Quick look up : The Tableau dashboard, SPAP

Why am I creating this repo?

This mini project is dedicated to proposing an organized way of working through a Data Science problem. I see Data Analysis as the most important part of a data science project. If you do not know your data well, you can never produce conclusive results. In addition to this it is particularly impossible to model a data effectively if you do know how your fields impact the target attribute.
Further, according to my observation the only stand alone reason for the cloud around the definition of Data Science is actually the absence of a defined paradigm for solving the Data Science problem. I think there isn't any. This method I am about to introduce will however help a beginner to at least approach a problem with some clarity in mind and be confident of the end product.

For me Data Science is an art of first being passionate about your problem, understanding the problem statement, collecting the relevant data and analyze it to solve the problem at hand.

I think this is pretty much I try to do with each one of my data science project. Let me try to break down my definition of data science.

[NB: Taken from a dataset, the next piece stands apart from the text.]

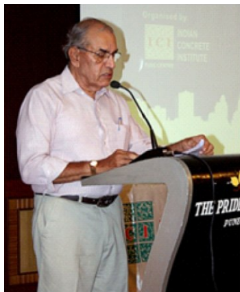
Welcome address by ICI-PUNC, Chairman
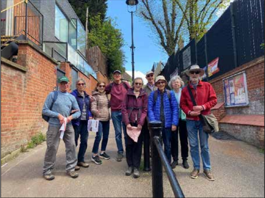
Trinity Walk, Swiss Cottage

but there was a pedestrian crossing! Just before our next stop we ascended 'Trinity Walk' which is described by the route planners as being, 'possibly the steepest part of any Unlock walk ever!

  1. Being passionate about your problem - This allows you to put in the required amount of mental resources to actually think about the problem and formulate a problem statement. i.e a Specific, Measurable, Attainable, Relevant, Time bound (SMART goal). For instance, if you aspire to come to USA to have a taste of real innovation, you might wonder about the most successful route of getting your VISA approved.
  2. After you are down with your problem statement, you should have a dependent variable, the variable you want to make conclusions about. Here it is Case Status.
  3. Followed by this you might want to think about the independent variables, the variables that would affect this dependent variable.
  4. Further you can go ahead and think about the ways (or specific visualizations) you can make to be clear about the relation ships about your IVs and DV.
  5. Going ahead down the line, use a tool to create the planned visualizations and digest the overall theme of your data. It is important to be sure what your data says about your DV. This will help you to get a feel of fields you would want to use when you use ML algorithms to model your data.
  6. Finally now that you are clear about your final list of IVs and their relationship with the DV, you can go ahead and model the problem with any of the machine learning algorithms.

The most important point - Since this is just a paradigm, it takes a lot of practice to master the skill. So be patient and be curious.
Be sure to have all the information in a mind map (SPAP). So that you can re iterate over it and continuously evolve it.

Introducing the motivation

When a US company wants to hire someone from outside of the United States for a technical position, they have to file an application to the United States government to get a green card or visa for the foreign applicant. These applications allow the US government to track who is entering and leaving the country for work-related reasons, and ensure that immigrants are neither being taken advantage of nor causing adverse effects for U.S. workers. To ensure equity for US and non-US workers, companies have to state how much they are planning on paying the employee every time they submit a visa or green card application. They also have to state the average amount an employee with similar skills and background typically gets paid for the same position, a figure called “the prevailing wage.” This publically available data provides a unique view into what types of salaries you might encounter for different data–related jobs in the US.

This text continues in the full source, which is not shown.